Adult Fish: Potential Sources of Suffering
- Temperature stress
- Shallow waters fluctuate more, but species are typically locally adapted.
- Polar species tolerate cold but not heat; tropical species the reverse.
- Climate change could shift ranges and impose future harms, but not evidence for continuous misery.
- Predation
- Popular focus on grisly deaths (disembowelment, suffocation) may exaggerate frequency/intensity.
- Evolutionary incentives favour quick kills (energy efficiency, prey escape risk).
- Quantitative claim in paper: if an average death lasts 10 min, each dying minute would need to be 10,000× more negative than an average living minute is positive to outweigh lifetime welfare.
- Fear / “Landscape of Fear” concept
- Term means spatial mapping of risk vs. reward, not perpetual terror.
- Need empirical data on predator-encounter frequency & stress hormone baselines before asserting chronic fear.
- Disease & parasites
- Important but data-poor; prevalence and severity must be measured before drawing conclusions.
- Earlier pessimistic literature deemed “glib,” moving from abstract r-strategy logic to sweeping conclusions without species-level neural and ecological detail.
- Proper assessment requires:
- Developmental neurobiology (timing of conscious onset).
- Behavioural pharmacology (responses to analgesics).
- Fine-grained demographic data (age-specific mortality, predator-prey interactions).
Ethical & Conservation Implications
- If fish lives are at least neutral or mildly positive:
- Large-scale habitat destruction (to “prevent suffering”) loses prima-facie justification.

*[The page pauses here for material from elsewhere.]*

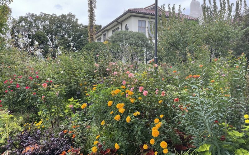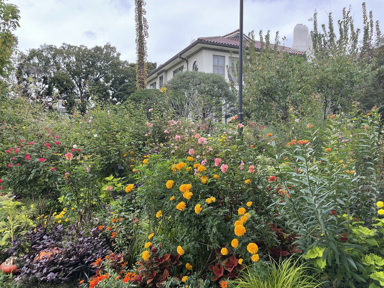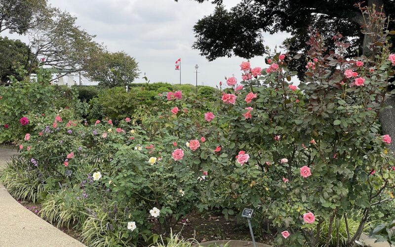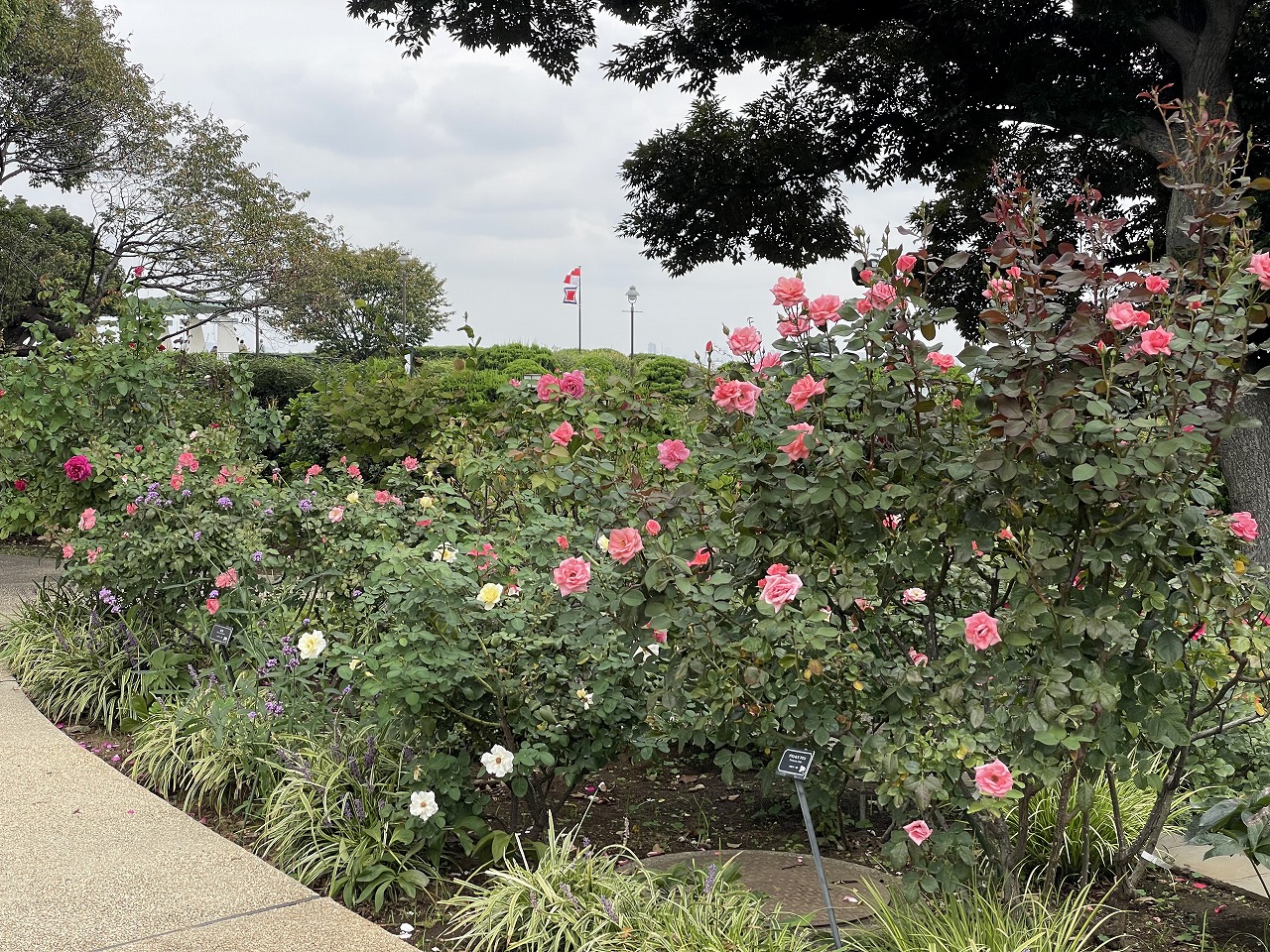 秋バラが見ごろとなりました。 気温次第ですが10月いっぱいは楽しめる予想です。 写真は入口花壇の様子

- Conservation efforts regain moral weight: preserving ecosystems protects positive welfare as well.
- Extension to other taxa:
- Fish are “worst‐case” r-strategists; many birds & mammals are K-strategists with lower juvenile mortality.
- If fish are not net-negative, pessimism for birds/mammals becomes even less plausible.

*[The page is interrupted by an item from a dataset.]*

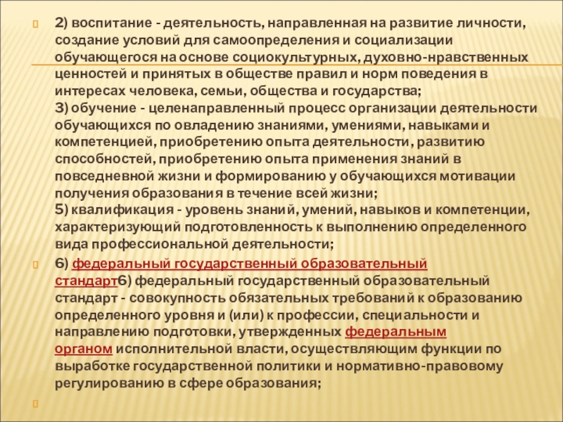 Слайд 42) воспитание - деятельность, направленная на развитие личности, создание условий для самоопределения и

- Cautionary stance: Need more data; current best guess does not validate wholesale pessimism.
Take-Home Messages & Future Research Directions
- Do not assume early-life mortality = massive experienced suffering; consciousness timing matters.
- Welfare balance requires quantitative weighing of positive vs. negative experiences across life stages.
- Research frontiers:
- Precise larval sentience markers (EEG, behavioural assays).
- Large-scale, automated monitoring of predator-induced stress.
- Epidemiology of fish disease & parasite loads in the wild.
- Climate-change modelling of thermal comfort zones.
- Until such data arrive, strong claims that “nature is an awful hellscape” remain unsupported.